The move will help achieve localisation and transformation goals including participation of Black Industrialists, SMMEs, Women, Youth and People living with disabilities.
“Our spending on Metrorail is expected to subsidise more than 484 million passenger trips per year in the period ahead,” confirmed Minister Maswanganyi.
The next deployment of the new trains will be at Saulsville, Mabopane, Naledi, Khayalitsha, Umlazi, and Kwa Mashu.
“As government we remain concerned about the acts of vandalism and theft of the signalling equipments in the major rail corridors of our country. In the Western Cape alone, incidences of vandalism and theft to signals have reached the cumulative proportion of one thousand one hundred and seventeen (1117) from January to August 2017.

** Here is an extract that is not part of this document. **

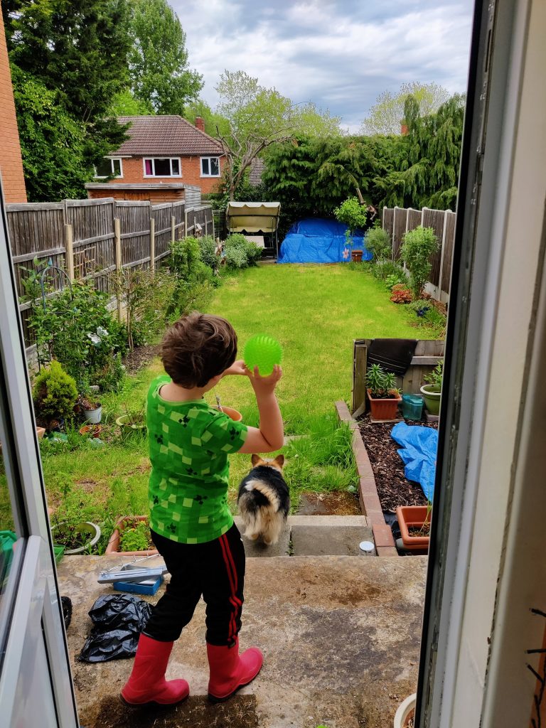At lunch time there was a little play in the garden with his ball.

This acts of anarchy and criminality undermines the government valuable investment to modernise rail transportation in South Africa,” said Minister Maswanganyi.
Equally important, the Department of Transport is in the process of developing the overarching National Rail Policy which will guide rail development in South Africa. This process is in line with the dictates of the National Development Plan (NDP) Vision 2030 of ensuring policy certainty and frameworks in critical sectors of the economy.
Minister Maswanganyi said that progressively and undoubtedly, the ANC government is reversing the apartheid special planning pattern on public transport in general.
In the rail sector, the apartheid planning pattern condensed the budget on new rail investment with consequences been witnessed in major rail corridors of South Africa, including the Western Cape, Gauteng and KwaZulu Natal.
Today, more than 50% of South Africa’s rolling stock and rail network is more than 50 years old. This impacts negatively on service delivery especially the movement of commuters and freight.
“This adversely affects the growth of our economy because workers’ productivity is hampered by late arrivals or non-appearance at workplaces due to technical or mechanical challenges to the rail services. Students miss exams and new job applicants miss interviews,” said Minister Maswanganyi.
Furthermore, Minister Maswanganyi said that the consequential obsolete rail infrastructure and rolling stock, inefficient operations, and under-utilisation of the network has resulted in the significant loss of market share to road, with rail only carrying 11% of the market share while road carries 89%.
“In view of all these progressive policy positions and advancements by the ANC government in changing the face of public transport in South Africa, we will continue to engage the MEC for Transport in the Western Cape to ensure that we collectively find resonance and cordial solutions towards challenges experienced by rail commuters in the Western Cape and elsewhere in South Africa,” said Minister Maswanganyi.
Minister Maswanganyi called upon South Africans to protect and safeguard the rail investment that intended to make the South African rail transport an integrated, smart, reliable, cost effective and efficient transport mode.
“This investment will further support a thriving economy that promotes sustainable economic growth, supports a healthier life style, provides safe and accessible mobility options and socially includes all communities and preserves the environment”.